Having locked horns over how to allocate slot machine payments from the Seneca Niagara Casino, governments involved risk starving their development efforts while the pot goes untouched. No area shoot itself in the foot and reloads as fast as this one.
Neither Niagara County nor Niagara Falls has seen any benefit from either the Seneca's 2004 payment or the 2005 payment they will make. Nearly $24 million just sits in an Albany escrow account until political leaders agree how to divide the desperately needed money. State Sen. George D. Maziarz, Senate Majority Leader Joseph Bruno's appointee, and Assemblywoman Francine DelMonte, Assembly Speaker Sheldon Silver's designee, spent 20 months devising a plan. But it foolishly cut out Gov. George E. Pataki's USA Development Corp. Pataki countered with a budget proposal that funnels the cash through that state-run Niagara Falls downtown development agency. In yet another level of wrangling, the county and the city each want 75 percent of the pot, with the other 25 percent for the other guy.
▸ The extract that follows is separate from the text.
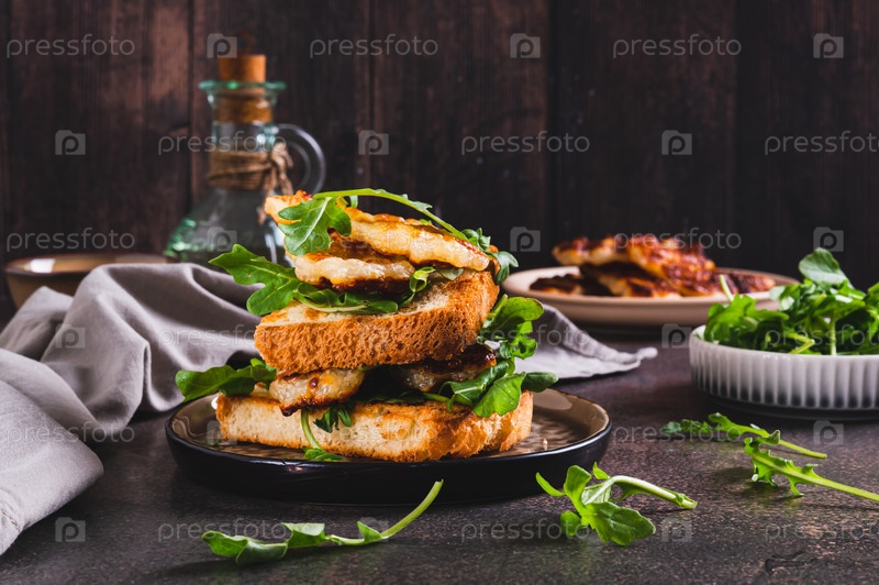 Вкусный сэндвич с жареными халуми и аругулой на тарелке на столе
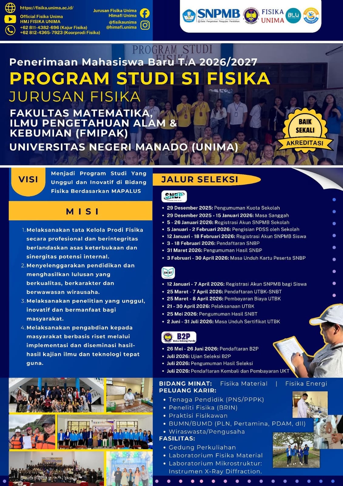 Menjadi Program Studi yang unggul dan inovatif berdasarkan Mapalus dalam pengembangan dan penerapan Ilmu Fisika.

That's in court. This is leadership?
This is absurd. A mountain of money goes unused by a region in great need. One crucial victim is the Niagara Tourism & Convention Corp., promised a significant piece of the casino money to mount consistent multiyear marketing campaigns to boost tourism -- Niagara's supposed growth industry. Has anyone noticed the seasonal, presummer ads popping up locally from Virginia, Cleveland and other regions? Little from Niagara Falls will appear in those markets, delaying for a second year efforts to fully promote this region.
It should not be too much to ask of government leaders that they craft a satisfactory and timely compromise that would actually put this money to work. Instead, they are locked in a battle over slowly rotting turf. The use of the money to nourish a recovery is crucial. When did Niagara's lawmakers decide that recovery can wait until they settle their ego-driven squabbles?